Cancellation by Customer

  • The Customer may cancel any Order by providing no less than twenty-four (24) hours’ notice to the Supplier before the Services were due to be performed.
  • In the event that the Customer cancels the Order, the Customer shall be liable for loss and damage suffered by the Supplier; but limited to:
    • The Price of the Order; or
    • Any costs or expenses incurred by the Supplier, including the cost of purchasing the Goods from a third party to meet the Customer’s Order.
  • The Customer shall be entitled to a partial refund on orders that have begun processing but have not gone to press.

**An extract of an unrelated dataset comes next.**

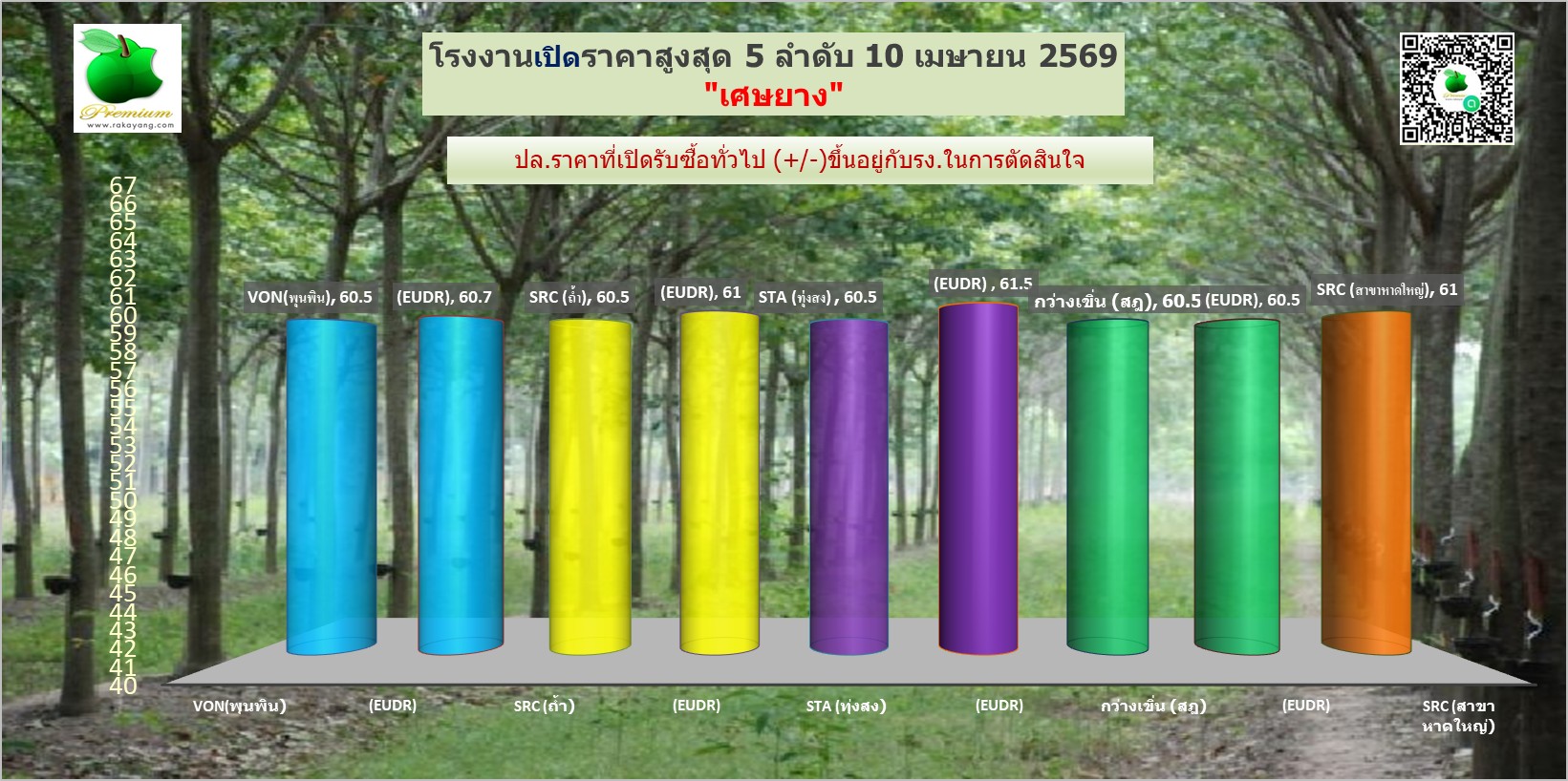 สรุปราคายางแผ่นรม/ดิบ เศษยาง เครฟ โรงงานทั่วไปประจำวัน ศุกร์ ที่ 10 เมษายน 2569

A refund will be given for the portion of the work that the Supplier has not yet completed and a $30.00 processing fee shall apply in respect of same.
  • The Supplier may retain any deposit or other sum paid by the Customer in respect of the Price of the Order and offset such sum or deposit in satisfaction or partial satisfaction of any loss and damage suffered by the Supplier as a result of the Customer’s cancellation of the Order.

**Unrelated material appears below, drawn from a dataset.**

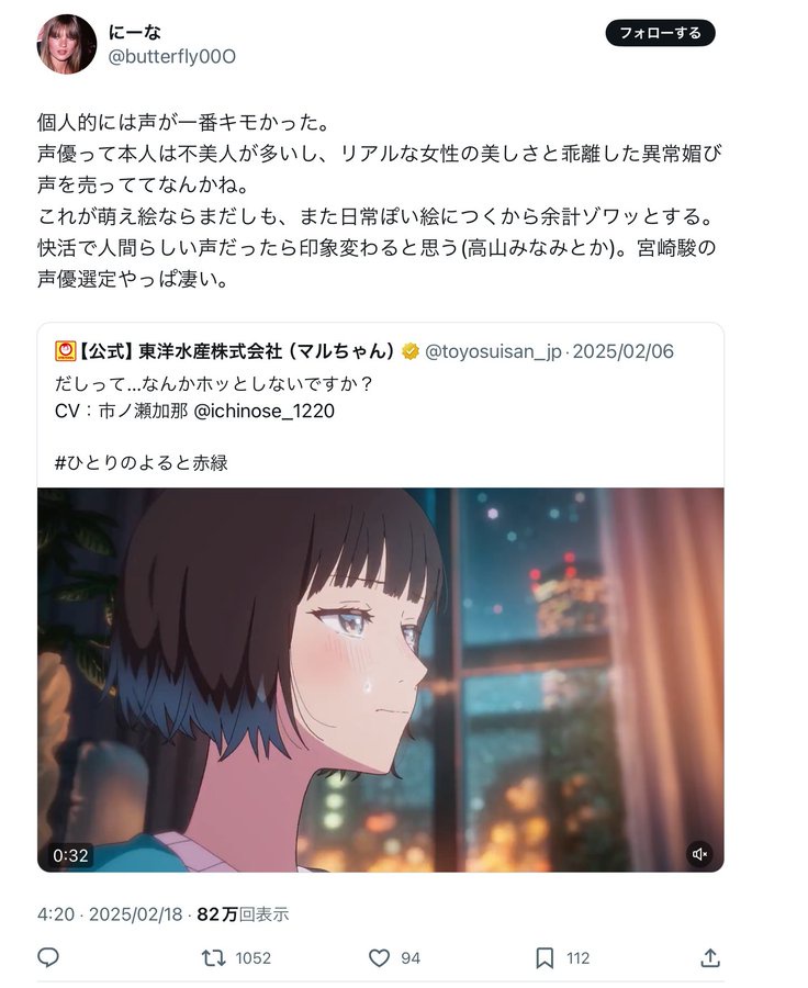 フェミニスト「赤いきつねCMで“声が一番キモかった”“声優って不美人が多い”」と女性声優さんを中傷

  • For Orders which have already gone to press, no refunds shall be given.
  1. RETENTION OF TITLE FOR GOODS
    • Legal and equitable title in the Goods shall remain with the Supplier pending full payment of the Price of the Goods to the Supplier; and the Customer warrants that it:
      • Holds the Goods as Bailee for the Supplier and shall return the Goods to the Supplier if so requested;
      • Is responsible for the Goods and is liable to compensate the Supplier for all loss or damage sustained to the Goods whilst they are in the Customer’s possession;
      • Will maintain insurance in respect of the full replacement value of the Goods;
      • Will store the Goods separately and in such a manner that the Goods are clearly identifiable as the property of the Supplier;
      • Will not allow any person to have or acquire security interest in the Goods whilst the Goods are in the Customer’s possession.

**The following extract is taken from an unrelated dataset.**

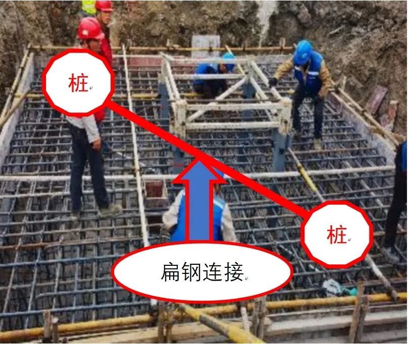利用建筑物筏板钢筋做接地体时,须用筏板或底板内2根以上主钢筋(直径不小于Φ16)焊接贯通,相交处彼此焊接,并与所有经过的混凝土桩内两根主筋可靠焊接,在建筑变形缝处做弓形连接。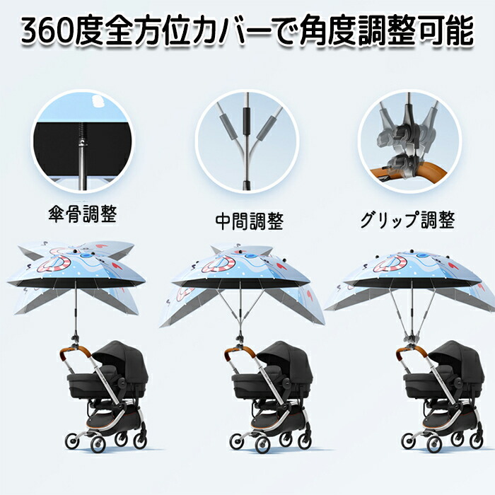 傘 ベビーカー 専用 パラソル 日除け 晴雨兼用 角度調節360° 旅行 お出かけ 日傘 8本骨 uvカット 紫外線対策 日焼け対策 キッズ ベビー 軽量 丈夫 撥水加工 防風 雨傘 遮光 シンプル

    • The Customer may sell and/or use the Goods in the ordinary course of business.
    • If the Goods are sold by the Customer before the Customer has paid the Price in full to the Supplier, the Customer shall hold the proceeds of sale in a separate identifiable account on trust for the Supplier and promptly account the Supplier for any such proceeds.
    • Notwithstanding the provisions above, the Supplier shall be entitled to issue legal proceedings to recover the Price of the Goods.
  2. ENTIRE AGREEMENT
    • The agreement as defined herein constitutes the whole agreement between the Customer and the Supplier.
    • The agreement is deemed to be made in the State of Victoria and all disputes hereunder shall be determined by the appropriate courts of Victoria.
    • All prior discussions and negotiations are merged within this document and the Supplier expressly waives all prior representations made by it or on its behalf that are in conflict with any clauses in this document in any way.
    • Nothing in these terms and conditions is intended to have the effect of contravening any applicable provisions of the Competition and Consumer Act 2010 (Cth) or the Fair Trading Acts in each of the States and Territories of Australia.